Re: [HACKERS] fallocate / posix_fallocate for new WAL file creation (etc...)

2013-05-30 Thread Greg Smith

On 5/30/13 7:17 AM, Andres Freund wrote:

That argument in contrast I find not very convincing though. What was
the last incidence of such a system call that did not just error out
with ENOTSUPP or such?


http://linux.die.net/man/2/posix_fadvise talks about  POSIX_FADV_NOREUSE 
and POSIX_FADV_WILLNEED being both buggy and quietly mapped to a no-op, 
depending on your version.  I know there were more examples than just 
that one that popped up during the testing of effective_io_concurrency. 
 My starting position has to assume that posix_fallocate can have the 
same sort of surprising behavior that showed up repeatedly when we were 
trying to use posix_fadvise more aggressively.


The way O_SYNC was quietly mapped to O_DSYNC (which isn't the same 
thing) was a similar issue, and that's the first one that left me 
forever skeptical of Linux kernel claims in this area until they are 
explicitly validated:  http://lwn.net/Articles/350225/


--
Greg Smith   2ndQuadrant USg...@2ndquadrant.com   Baltimore, MD
PostgreSQL Training, Services, and 24x7 Support www.2ndQuadrant.com


--
Sent via pgsql-hackers mailing list (pgsql-hackers@postgresql.org)
To make changes to your subscription:
http://www.postgresql.org/mailpref/pgsql-hackers


Re: [HACKERS] fallocate / posix_fallocate for new WAL file creation (etc...)

2013-05-30 Thread Greg Smith

On 5/30/13 7:52 AM, Andres Freund wrote:

fadvise is a hint which is pretty
different from a fallocate where ignoring would have way much more
severe consequences.


Yes, it will.  That's why I want to see it tested.  There is more than 
enough past examples of bad behavior here to be skeptical that this sort 
of API may not work exactly as specified.  If you're willing to believe 
the spec, that's fine, but I think that's dangerously optimistic.


--
Greg Smith   2ndQuadrant USg...@2ndquadrant.com   Baltimore, MD
PostgreSQL Training, Services, and 24x7 Support www.2ndQuadrant.com


--
Sent via pgsql-hackers mailing list (pgsql-hackers@postgresql.org)
To make changes to your subscription:
http://www.postgresql.org/mailpref/pgsql-hackers


Re: [HACKERS] fallocate / posix_fallocate for new WAL file creation (etc...)

2013-05-30 Thread Greg Smith

On 5/30/13 8:50 AM, Stephen Frost wrote:

I don't think this solves the locking issue around the
relation extention lock, but it might help some and it may make it
easier to tweak that logic to allocate larger chunks in the future.
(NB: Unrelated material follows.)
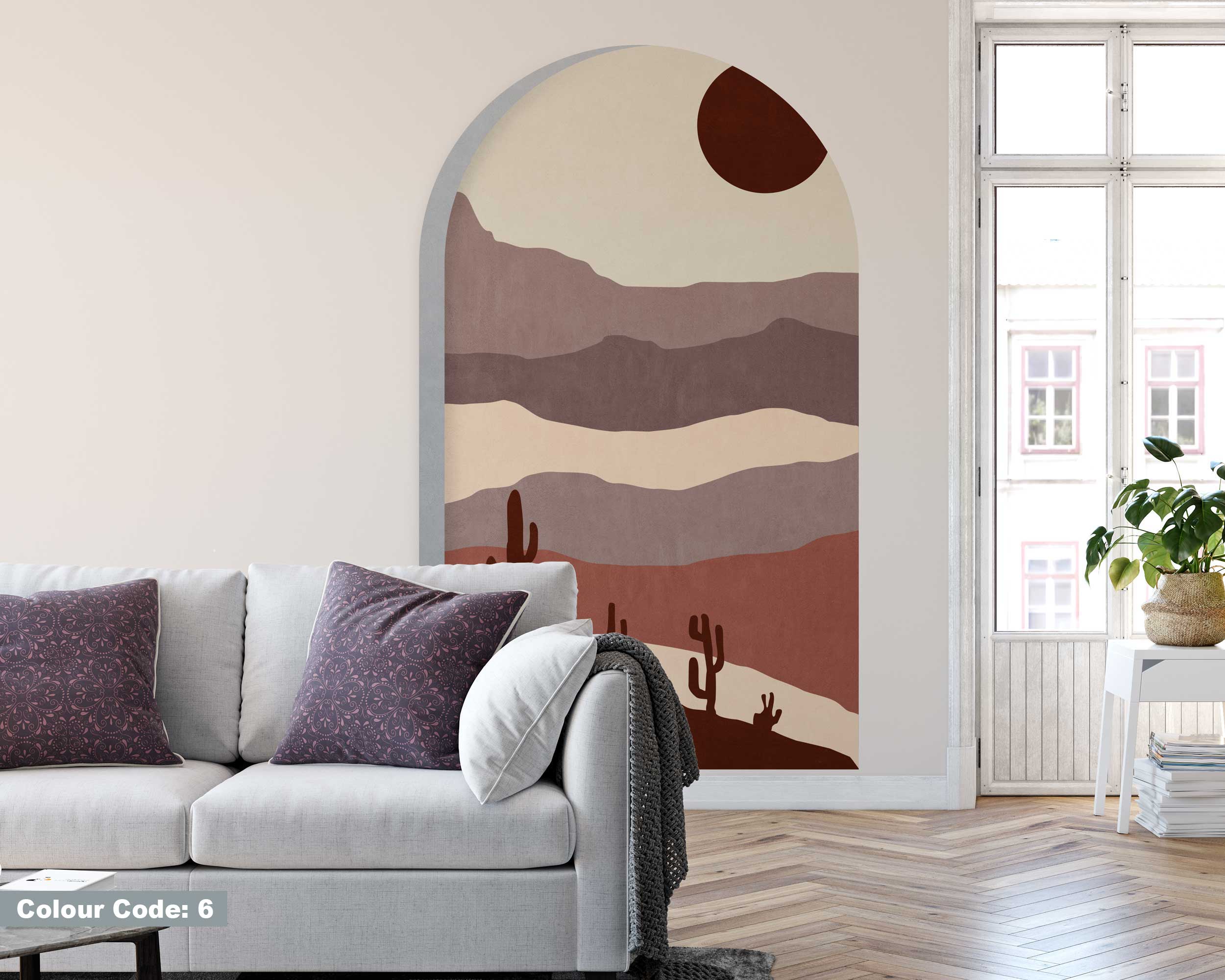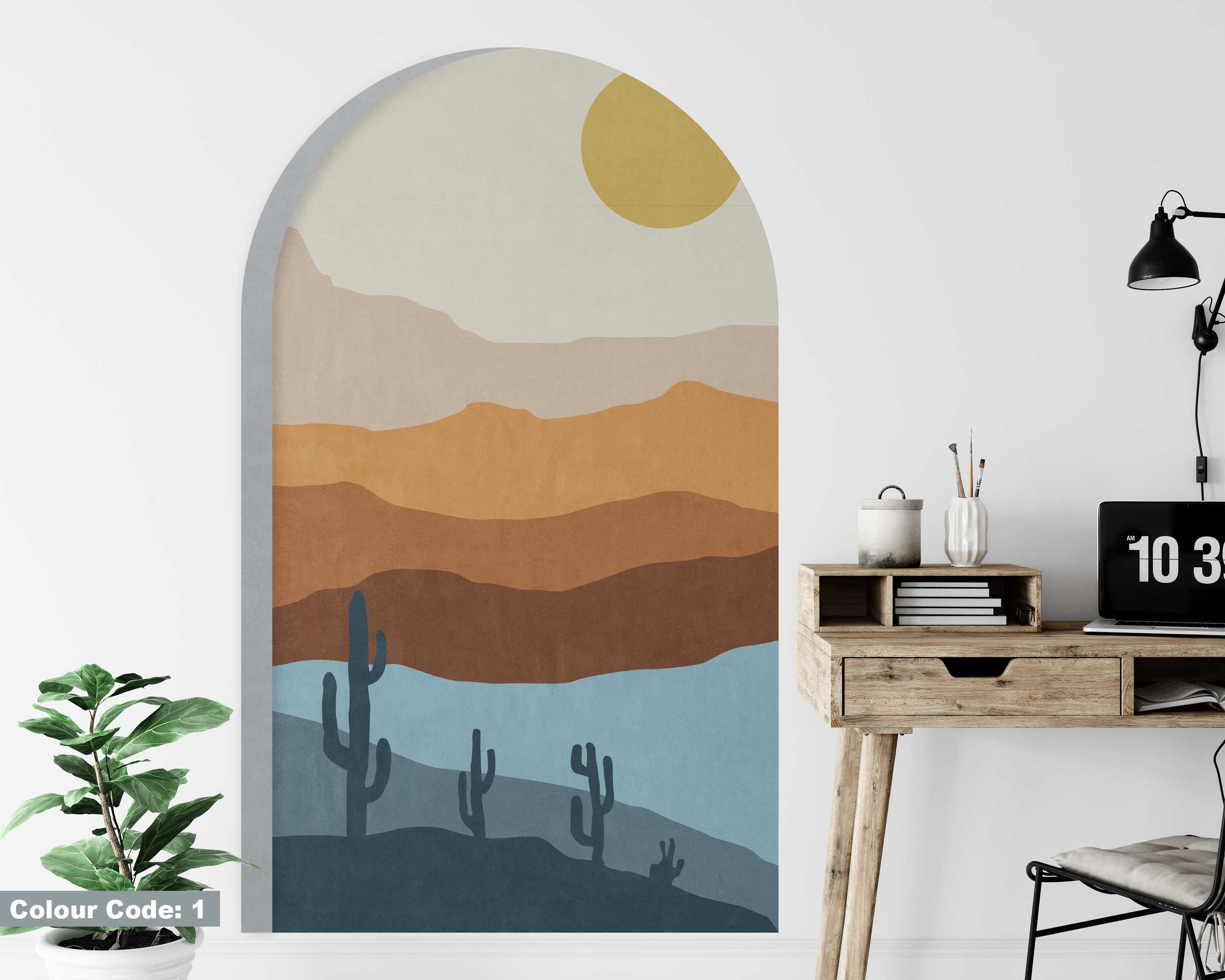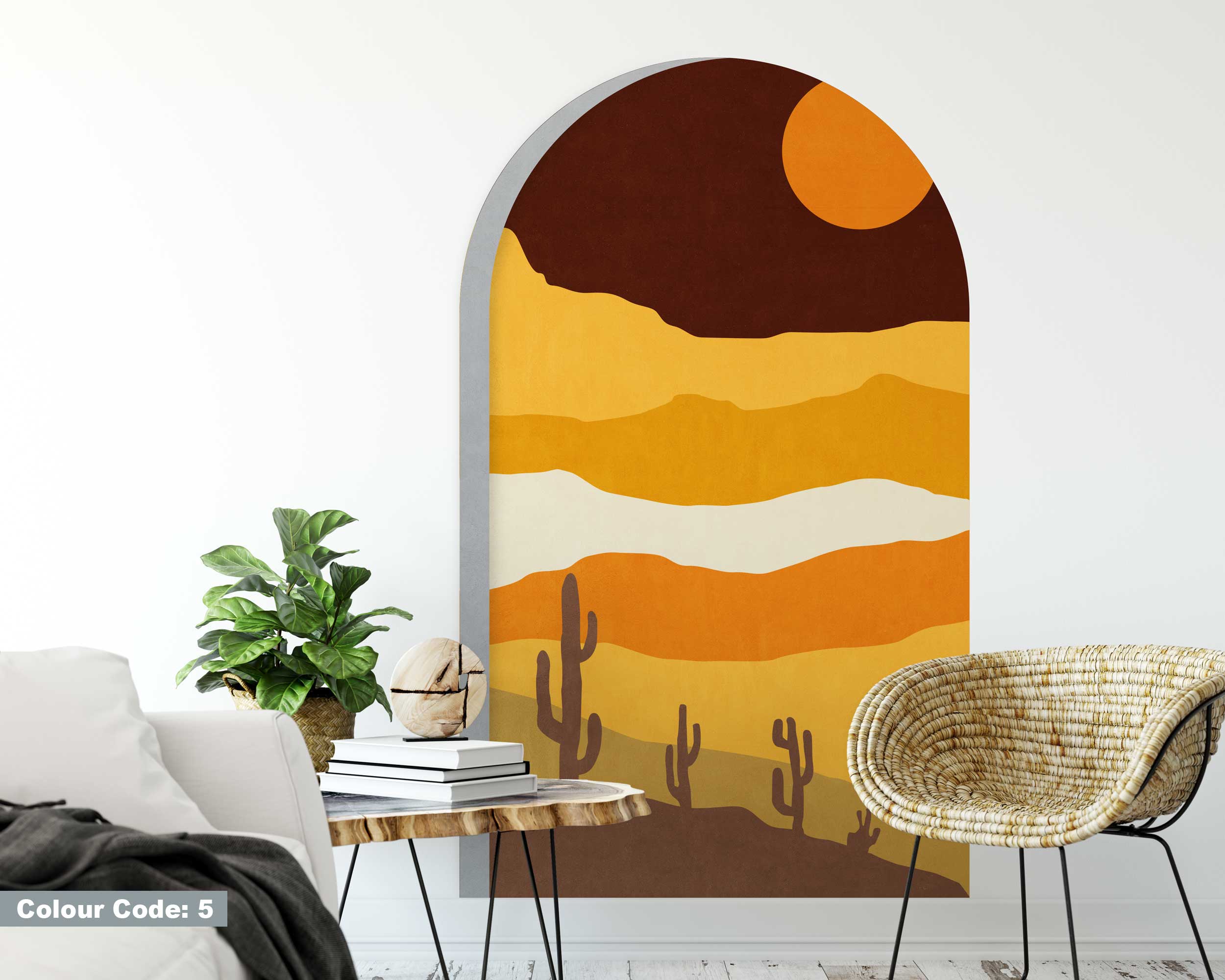Elevate your home decor with the serene beauty of our Large Arch Sunrise Boho Watercolor Wall Stickers. This captivating design features a majestic mountain landscape under the soft hues of a sunrise, all enclosed within an elegant arch. It’s perfect for creating a peaceful and inspiring atmosphere in any room, particularly suited for living rooms and bedrooms.
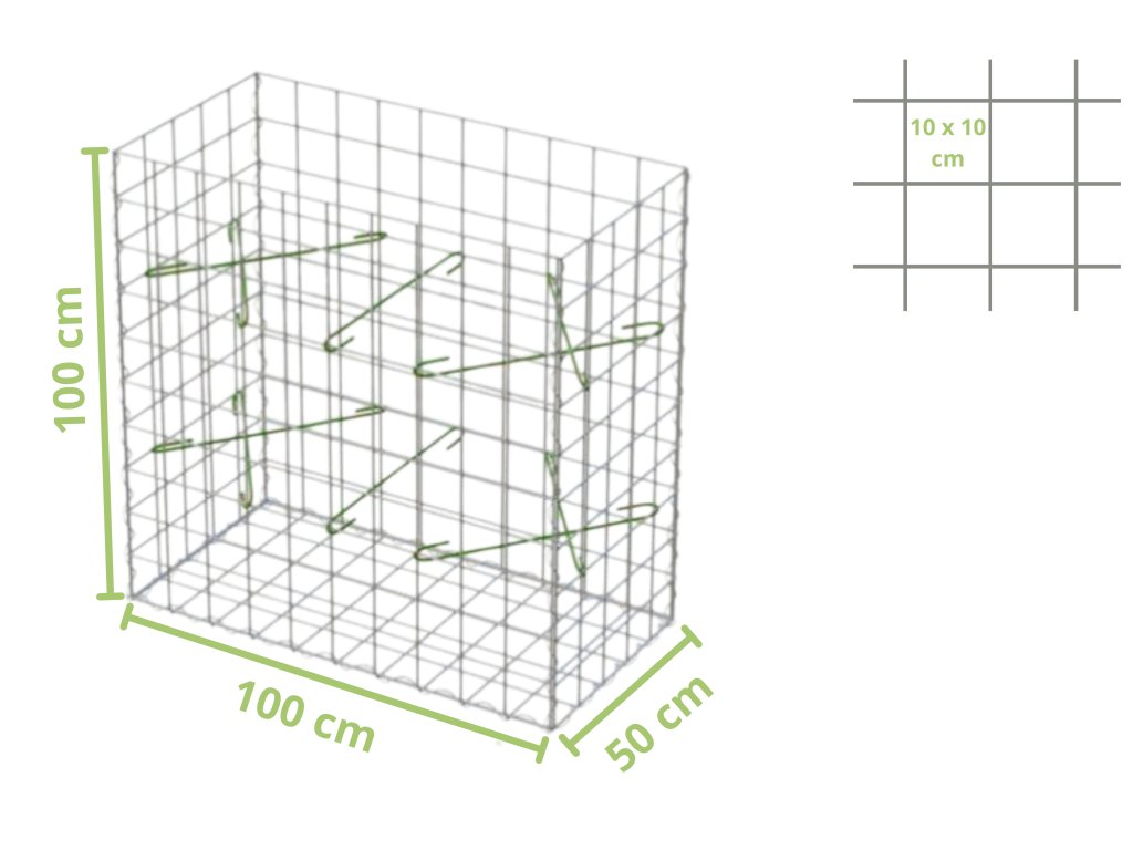 Gabiónového koše sú určené na vytváranie súvislých múrikov a plotov. Obsahuje zvárané oceľové siete a kompletné príslušenstvo na zloženie koša v tvare kocky, ktorý sa napája na susedné koše, preto neobsahuje koncovú stenu.

It might make it a bit faster, but it doesn't make it any easier to 
implement.  The messy part of extending relations in larger chunks is 
how to communicate that back into the buffer manager usefully.  The 
extension path causing trouble is RelationGetBufferForTuple calling 
ReadBufferBI.  All of that is passing a single buffer around.  There's 
no simple way I can see to rewrite it to handle more than one at a time.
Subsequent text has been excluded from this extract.